You can probably see a good improvement in score, but overfitting rearing it's ugly head a gain (not as much as in the base model). This is because the iterative correction of adaboost really allows the model to focus on the specifics of this problem, at a cost of overexploiting the dataset.

In [40]:
# Run the same code again a couple of times. S
# You can see that the test Accuracy will mostly be pretty good, even if some times it get's lower or higher scores (high variance, low bias)
# You can see also that consistently the Train Accuracy is higher than the Test Accuracy,indicating some (not extreme) overfitting 

np.random.seed(None)  # force different randomness on each run

# Train AdaBoost
adaboost_model = AdaBoostClassifier(
    estimator=DecisionTreeClassifier(max_depth=1),  # very simple tree (weak learner)
    n_estimators=100  # number of boosting rounds (trees)
)

# Fit the model on training data
adaboost_model.fit(X_train, y_train)

# Predictions and evaluation
y_train_pred = adaboost_model.predict(X_train)
y_test_pred = adaboost_model.predict(X_test)

# Evaluate performance
print("Train Accuracy:", accuracy_score(y_train, y_train_pred))
print("Test Accuracy:", accuracy_score(y_test, y_test_pred))

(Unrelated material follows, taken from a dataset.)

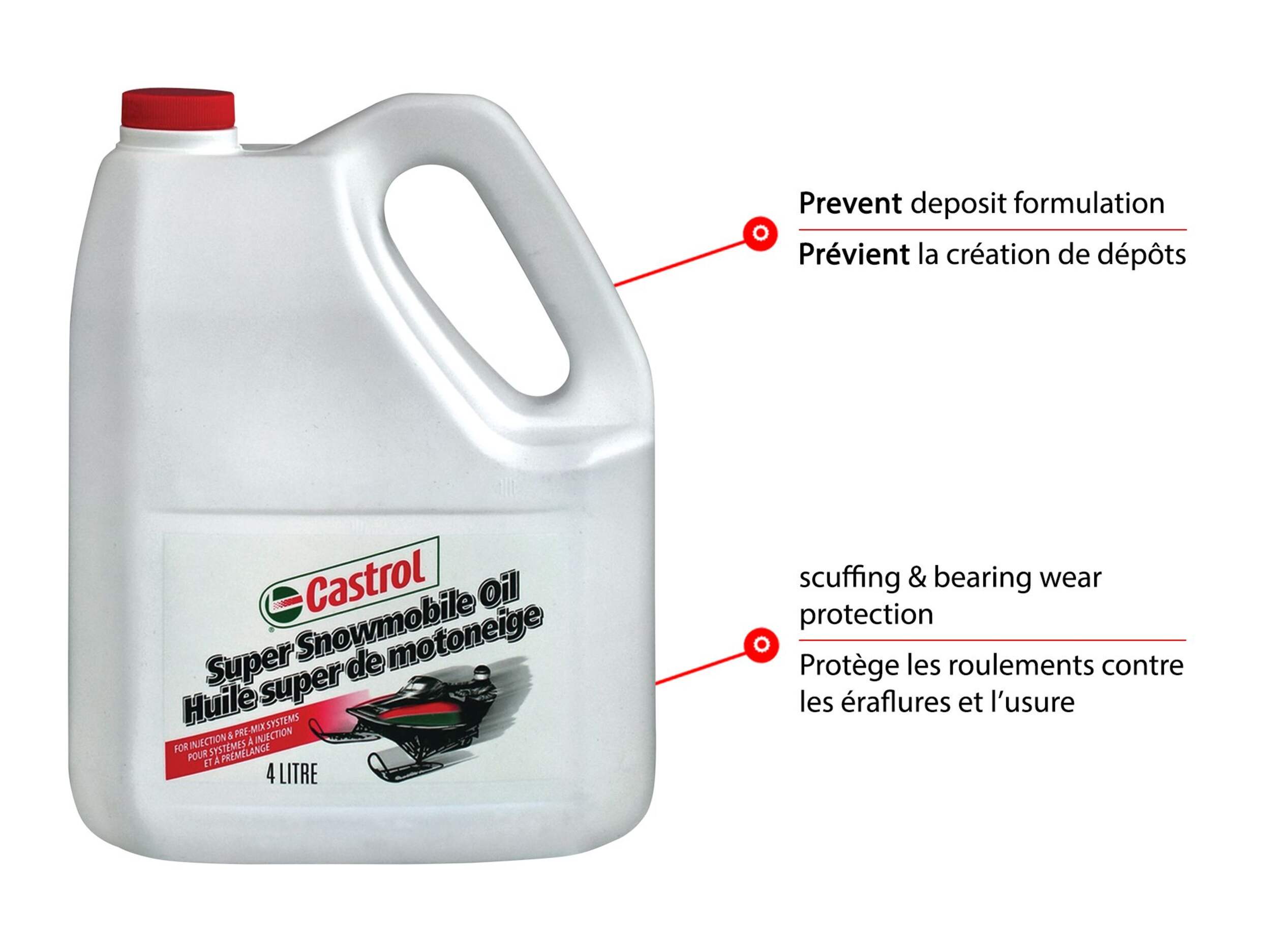 Castrol Super Snowmobile Oil meets the recommended engine protection requirements of all snowmobile makes, including many that require additional service specifications. This 2-stroke oil is recommended for use in any compatible snowmobile engine, where it can get to work right away by preventing deposits, fouling, scuffing, and wear.

Train Accuracy: 0.9118942731277533
Test Accuracy: 0.868421052631579


In [42]:
# AdaBoost is a deterministic algorithm, so running the same code multiple times gives the same result.
# Unlike Bagging, there is no randomness in how AdaBoost samples data. It builds each tree step-by-step 
# based on the previous model's errors, so the outcome is stable as long as the input data stays the same.